In One Way Street, the section "This Space to Rent" compares the techniques of advertising in the street with the language of criticism. The significance of the neon sign, and its superiority in signaling that we have entered into a new realm of life has little to do with the words it flashes above us, according to the experience Benjamin shares with us, but rather with the harsh transformation of the ground on which we walk. There we have to negotiate "the fiery pool reflecting it in the asphalt" in a spectacle that "hurtles things at us with the tempo of a good film" (Reflections 86). The film-like suddenness of the spectacle occurs without definite precedent, and without any of the reassuring quality of an established authority in a critical or philosophical language by which we might maintain the steadiness of distance.
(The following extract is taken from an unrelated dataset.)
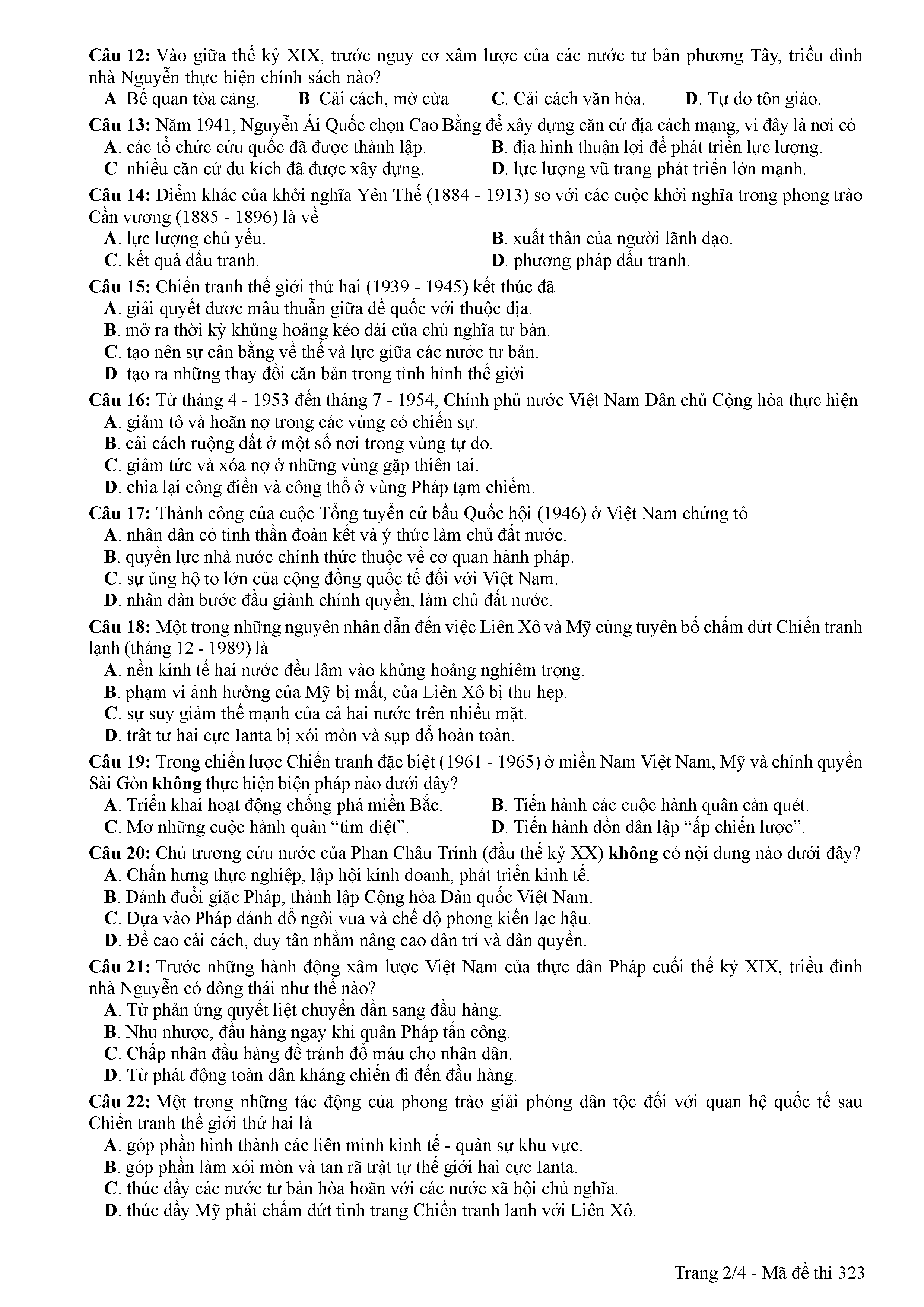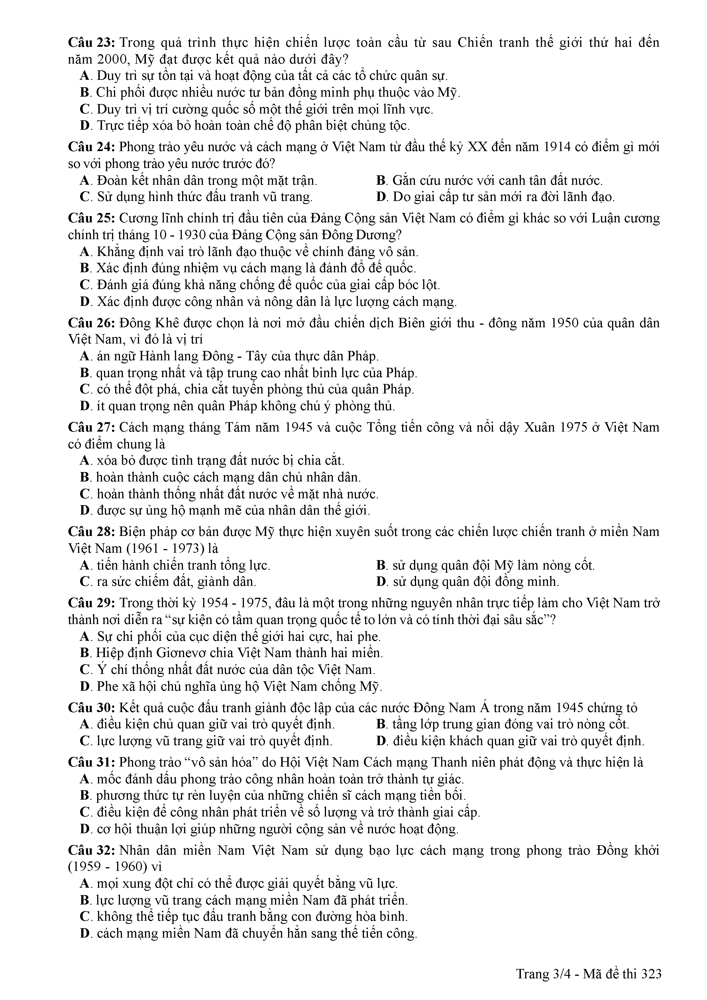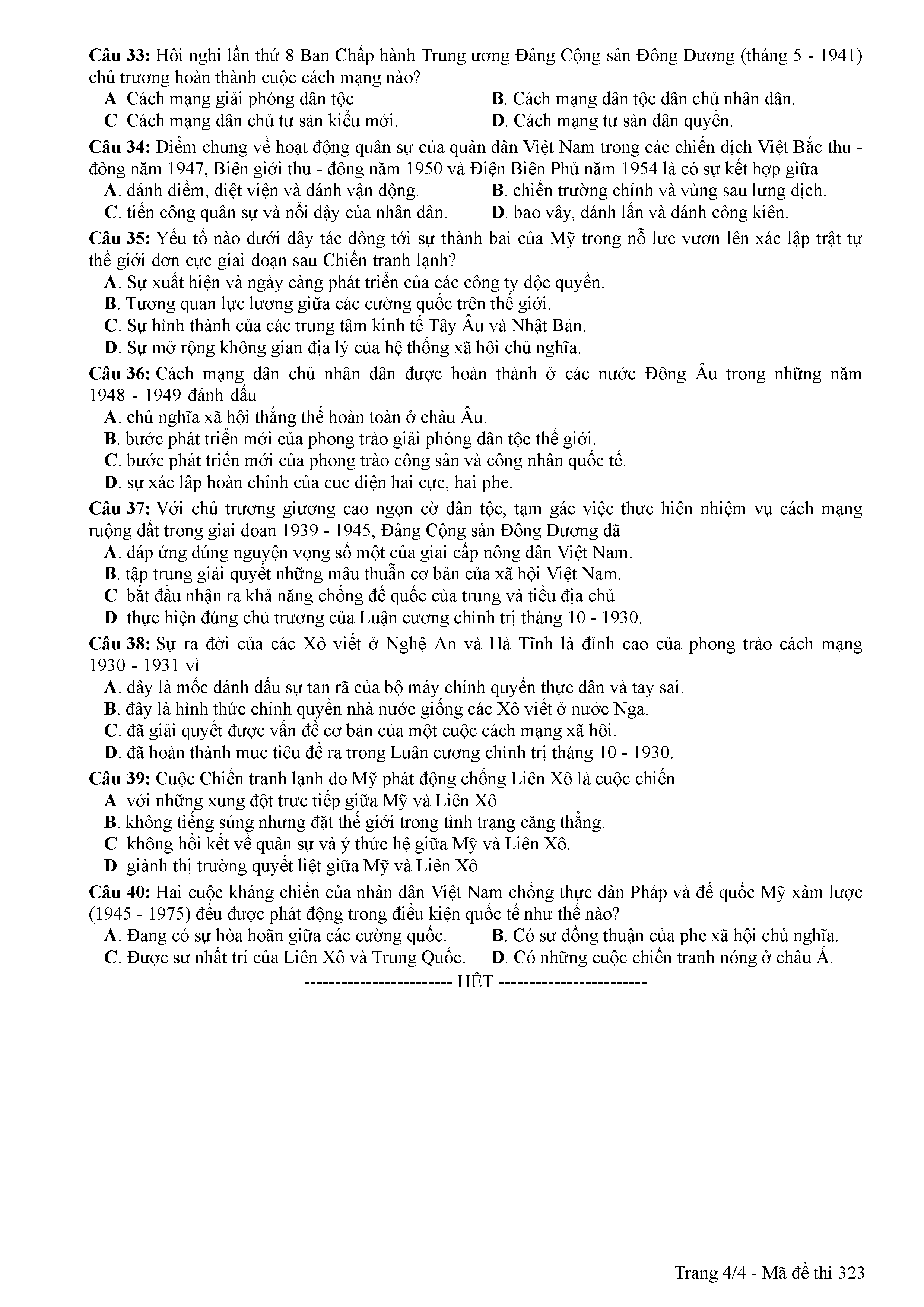 ĐỀ THI CHÍNH THỨC THPTQG NĂM 2017 - MÔN LỊCH SỬ-MÃ ĐỀ 323

Catching this agitated glow at our feet we no longer proceed with the steady rhythm of self-possession. The reflections of light and color on the surfaces around us light up their response in our bodily senses, leave us bereft of that mastery of our time implicit in any act of reflective reading or of informed contemplation.
This sense of suddenness, of having something thrown one's way which we must react to and catch at once, gives our reading of Benjamin, and even our re-reading him, its characteristic exhilarating immediacy. In the middle of a discussion on the explosive forces of "atmosphere" available in transient objects, the essay "Surrealism" suddenly turns to its reader and asks him or her: "What form do you suppose a life would take that was determined at a decisive moment precisely by the street song last on everyone's lips?" (Reflections 182). The German, "Was glauben Sie wohl ... " perhaps gives the question an even more challenging tone. But in any case, it permits no answer in terms of theory, or history, or philosophy. Either we simply cannot imagine such a world, or we are forced to enter into a sphere that plainly goes beyond the style of thinking—informed, critical, and reflective—by which we had most probably identified ourselves as appropriate readers working through Benjamin's essay up to that point.